季薩科夫覺得自己的想法很荒謬,但如果真能成功的話,那么斬首穆拉德五世,收復君士坦丁堡的計劃成功率將會大大增加。
只可惜自己沒法聯系上艦隊,否則艦隊司令一定會為此改變戰術。
“索達齊!”
“上尉,您找我?”
一名渾身沾滿火藥的高個子士兵跑了過來,眼神清澈而稚嫩。
季薩科夫對于眼前這位能看懂戰報,會計算乘除法,甚至能寫詩歌的士兵還是有幾分嫉妒的。
自己雖然是貴族出身,但卻只是一個鄉下小貴族。而對方雖然只是一個市民,據說還考上了大學,他不知道眼前這個男孩來戰場這種送死的地方來干什么。
不過季薩科夫很清楚索達齊是自己隊伍里唯一一個能把話說明白的人,也是除自己以外唯一一個能和上級軍官交流的人。
“索達齊,我給你個任務。”
“好的,上尉。”
索達齊莊嚴地敬禮一副視死如歸的樣子,還不自覺地抽了抽鼻子。
“好了,好了,把手放下。
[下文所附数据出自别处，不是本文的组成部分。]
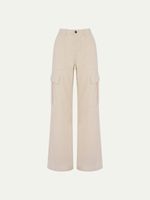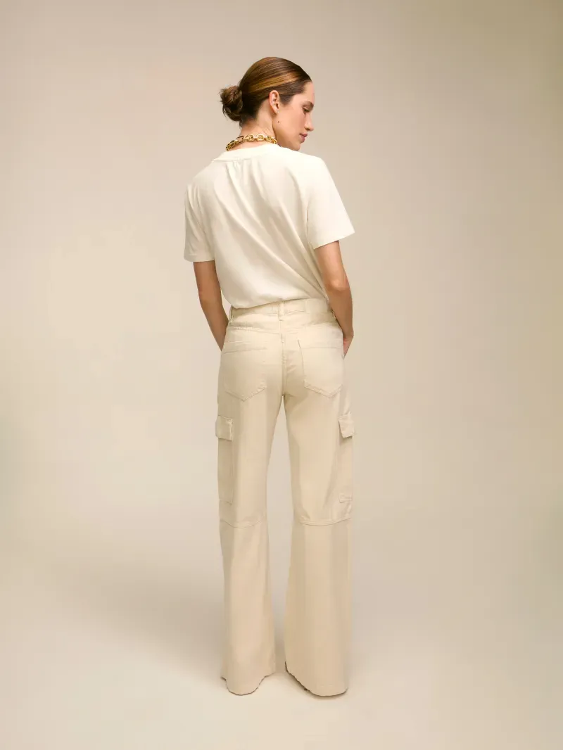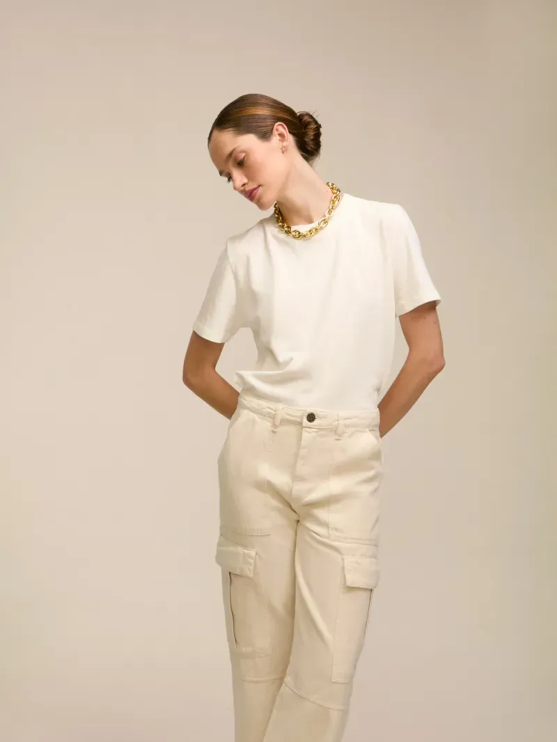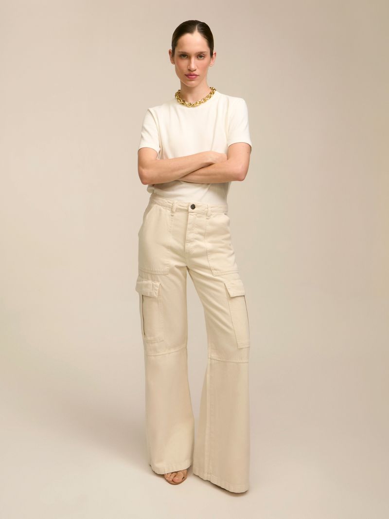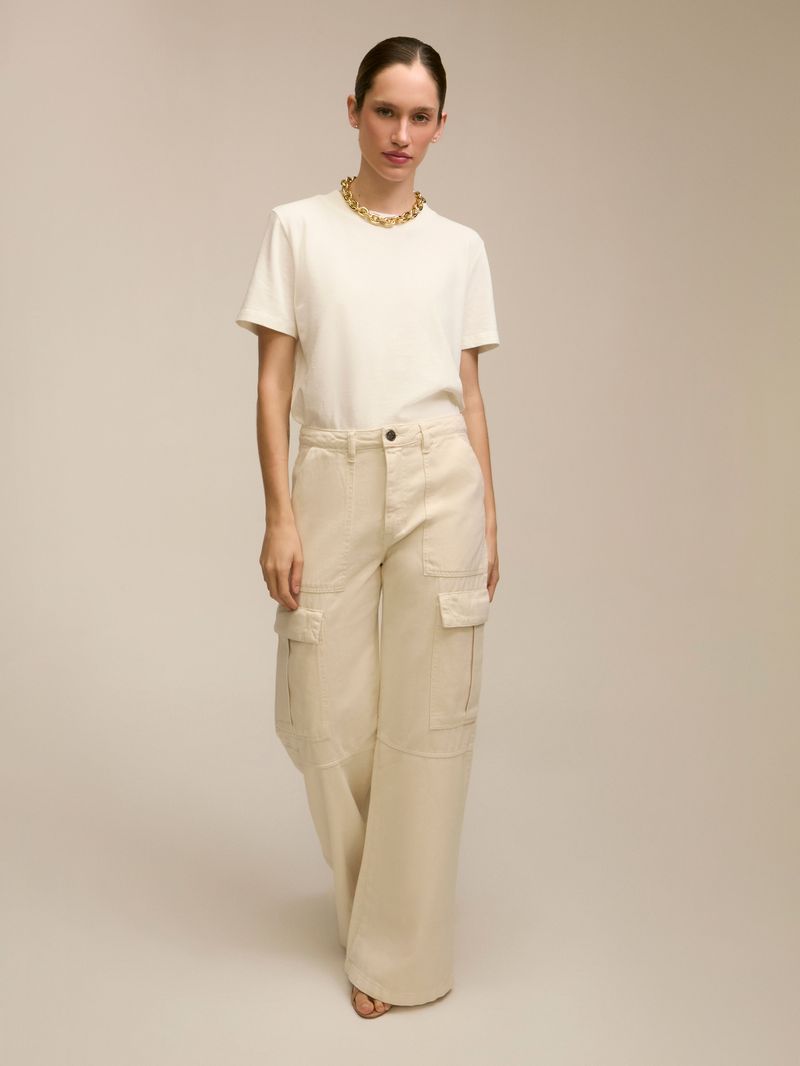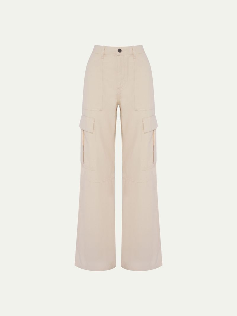 Calça confecionada em jeans 100% algodão. Possui modelagem cargo, cintura média com caimento reto. Detalhe da barra levemente aberta e bolsos laterais. Fechamento em zíper e botão frontal.

不是讓你去送死,我要你回去給艦隊司令送個信就說北側炮臺已經被我們完好地占領,派一些專業的炮兵過來,我們能在此地建立一個真正的陣地。
等我們落下腳,那些奧斯曼人就徹底玩完了。”
季薩科夫扯下自己肩膀上的肩章,又拿出了一個小盒子。
“這是我家族的族徽,他們會讓你見司令官的。告訴納西莫夫上將,我們已經拿下了北側炮臺,他會明白的。”
“遵命,上尉。”
索達齊大吼道。
季薩科夫拍了拍上等兵的肩膀。
“去吧,孩子。等你的好消息。”
索達齊走后,季薩科夫立刻命令士兵們把火藥桶都推到炮臺上。
這一方面是方便一會炮兵進行射擊;另一方面也是為了保險,萬一奧斯曼人反攻,他們也要好及時炸毀這些重炮。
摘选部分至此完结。